Along with an international team of researchers, she has been on a research cruise to 82 degrees N. The hope was to find Aurora, a volcanic field on the sea floor with hydrothermal vents known as black smokers.
Previous expedition found vent
Researchers were allowed to use the RV Kronprins Haakon, Norway’s new icebreaker, and departed from Longyearbyen, on the arctic archipelago of Svalbard, on September 19.
Eleven international institutions were represented aboard the boat. A writer from National Geographic and a photographer from James Cameron's Avatar Alliance Foundation also participated in the month-long trip into icy waters.
Chemical signatures in the water have previously revealed that there are hydrothermal vents in this northern region, more specifically on the subsea mountain ridge called the Gakkel Ridge.

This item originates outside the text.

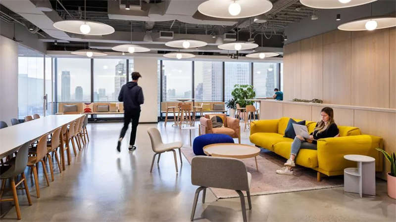 超大的開放式工作區(qū),其間穿插點綴著各式協(xié)作空間——從會議室到電話亭應(yīng)有盡有。兩個樓層都在建筑西側(cè)規(guī)劃了大而開敞的公共區(qū)域,這里享有廣闊的城市景觀視野和充足的日光,并通過一座木制樓梯上下緊密連接。

German scientists from the Alfred Wegener Institute doggedly searched for the vents in 2014. After five weeks of exploration, they hit the jackpot on the last day of the expedition.
“They drifted over a hydrothermal chimney and got under a minute of video of it. That allowed them to know where it was,” Ramirez-Llodra says.
Now a team has re-visited the area, and the plan was to take both videos and samples of the organisms living in the depths. The expedition was led by UiT - The Arctic University of Norway and NIVA. Eva Ramirez-Llodra was the project manager.
Cheers and hugs
"It was hard to plan the days, because you work at the mercy of the ice," says Ramirez-Llodra.
Arctic sea ice is not quiet. It breaks up, freezes, and varies in thickness. That made it difficult to get to the right place. The researchers towed a camera after the boat to film the seabed.
On October 3, they finally got a good position over what they believed was the field. Everyone's eyes were fixed on the screens in the control room and the tension was high.
“When the chimney first appeared, we exploded in cheers and hugs,” the researchers wrote on a blog about the cruise.
It was a huge hydrothermal vent, a black smoker, and later the researchers found two others.
“We could see that we were approaching the vents, because the sediments became coarser, and there were more stones and colours on the sea floor,” Ramirez-Llodra says.
One encounter was a little close. The researchers pulled the camera up over a mound, and suddenly they saw black smoke billowing out of a gaping, underwater crater.
“It’s not actually smoke, but very hot liquid at about 350 degrees C. The camera ran right into it. It went so fast that we couldn’t stop it. Everything went black and we were scared that we had burned everything up,” she says. “Fortunately, we got the picture back after a few minutes. We could continue. This was our first close encounter with a black smoker.”
Golden fields and glass sponges
Scientists saw fields that shone like gold on the otherwise colourless bottom around the chimneys.
The material the researchers saw wasn’t gold but sulphite that is deposited by the black "smoke", Ramirez-Llodra says, although there are also traces of gold and silver in the fluid that gushes from the vent. Around the vents were clusters of white organisms that glistened as they reflected the light from the camera.
The area around the Aurora field was covered by a thick layer of fine-grained sediments. Where the ground was solid enough for something to stick, there were white, spooky sponges. There were shrimp frolicking in the depths, and sea cucumbers and anemones. The occasional fish also swam around.
But the bulk of the organisms in the depths were glass sponges. They are relatively rare, can grow up to a metre wide, and some of them can live for several centuries, according to an article about the trip written by National Geographic. The sponges are largely made up of silica, and only a little of their mass is organic matter. They can be said to barely be alive.
Very different from fields further south
The researchers did not find the diversity of life that has been discovered around hydrothermal vents in other ocean areas.
“There wasn't much life down there,” says Ramirez-Llodra. “But we’re not exactly sure why yet.”
Hydrothermal vents in the Atlantic and Pacific contain colourful communities of beard worms, clams and crabs that have adapted to the special environment around the vents.
“Most of these have a symbiotic relationship with bacteria and microorganisms that live by chemosynthesis. The bacteria can be inside their bodies or in special organs,” says Ramirez-Llodra.
“Some organisms don’t even have a mouth or digestive system, but only live from what the microbes inside their body produce.”
Ramirez-Llodra says the researchers don’t know yet if there is a similar relationship between organisms around the vents in the Aurora field.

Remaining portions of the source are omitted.